In 2019 there are millions of parents trying their best to live a very organic, healthy way and in a way that suggests not using the traditional prescription medicine route. According to US News, common ADHD medications are divided between stimulants and non stimulants. The treating physicians generally begin the patient on a trial run of the medication that they think will be most suitable for them. It’s often the stimulant type first trialed as they’re generally rather successful for most children. These drugs such as Ritalin or Adderall will need to be carefully followed as it can take a month or so to find the best dosage for the patient that doesn’t inhibit their daily routine.

The biggest issue for parents seems to be the potential side effects that their child may have to endure. For example, the stimulant medications can come with some pretty serious adverse reactions for some patients. They can increase the risk of many cardiovascular challenges, such as heart attacks, strokes, and even the possibility of cardiac arrest in patients that may have a higher probability of these ailments occurring. This is why it is absolutely imperative for the prescribing medical professional to do a thorough family history of each patient prior to dispensing any drugs for their ADHD.

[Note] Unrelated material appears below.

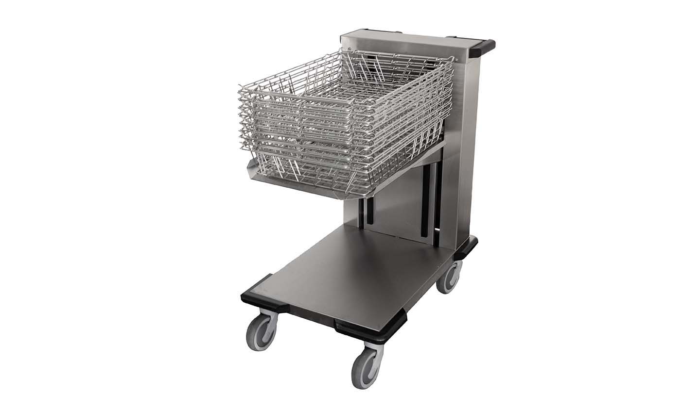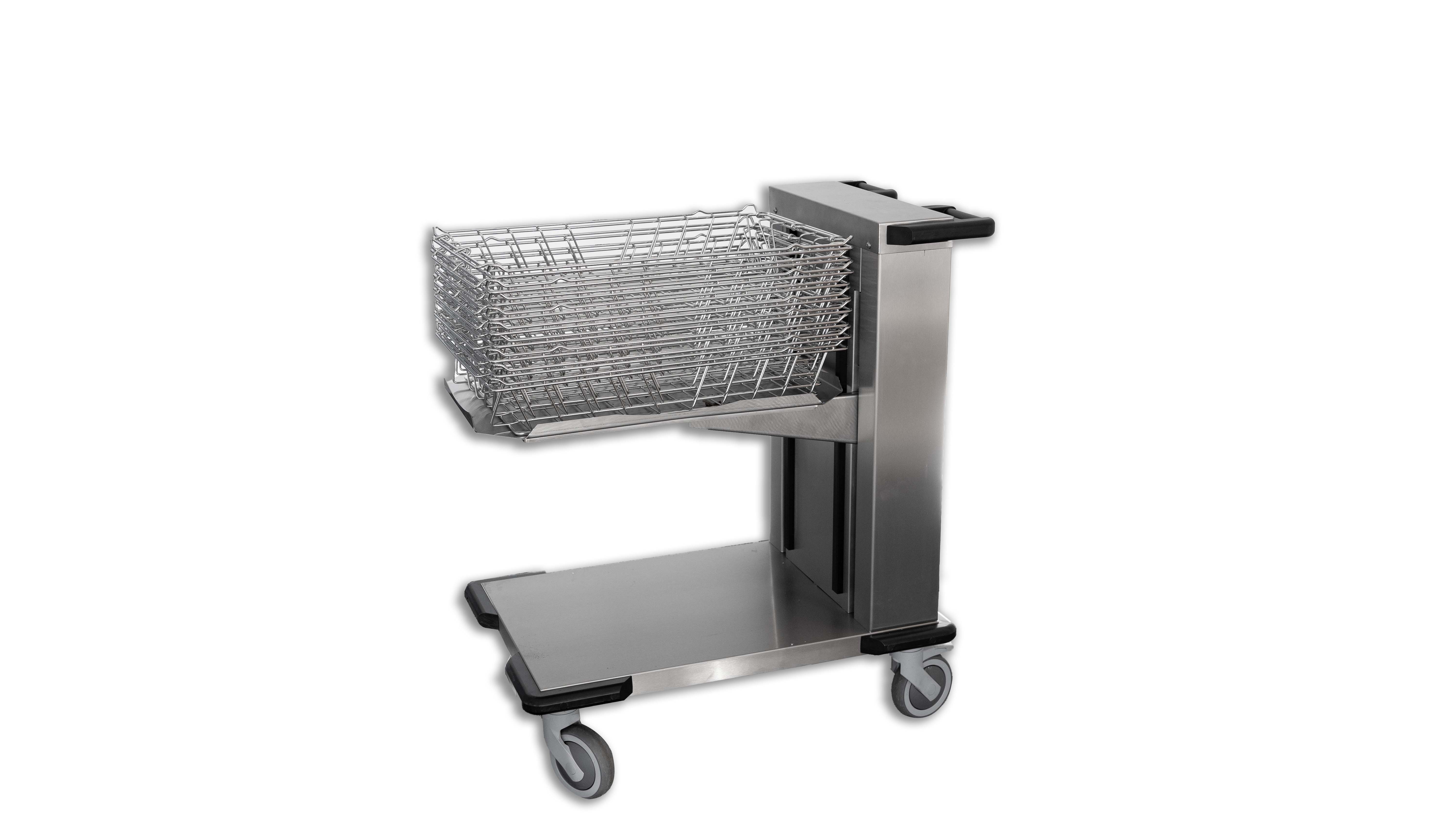 SAFE, SECURE, STACKING IN MINIMAL SPACE. Hupfer's latest basket dispenser for ISO/SPRI sterile goods baskets

There’s also the theory that many Moms and Dads just don’t want to medicate their children regardless of the condition they may be living with daily. Unless it is deemed as medically necessary, that is their right as parents. If you opt to not go with the traditional medication treatment plan, what alternative therapies can be utilized?

Some alternative changes that requires little effort on the child is for the parent to take a close look at their diet. If the child is one that perhaps doesn’t process dairy correctly, or has many sugary sodas or processed foods each day, that alone could increase their ADHD symptoms. Experts strongly advise that the parents first get a professional food sensitivity test completed, and make adjustments based on those results. Eliminate as much sugar in their diet as possible, and ensure they are getting enough rest each night.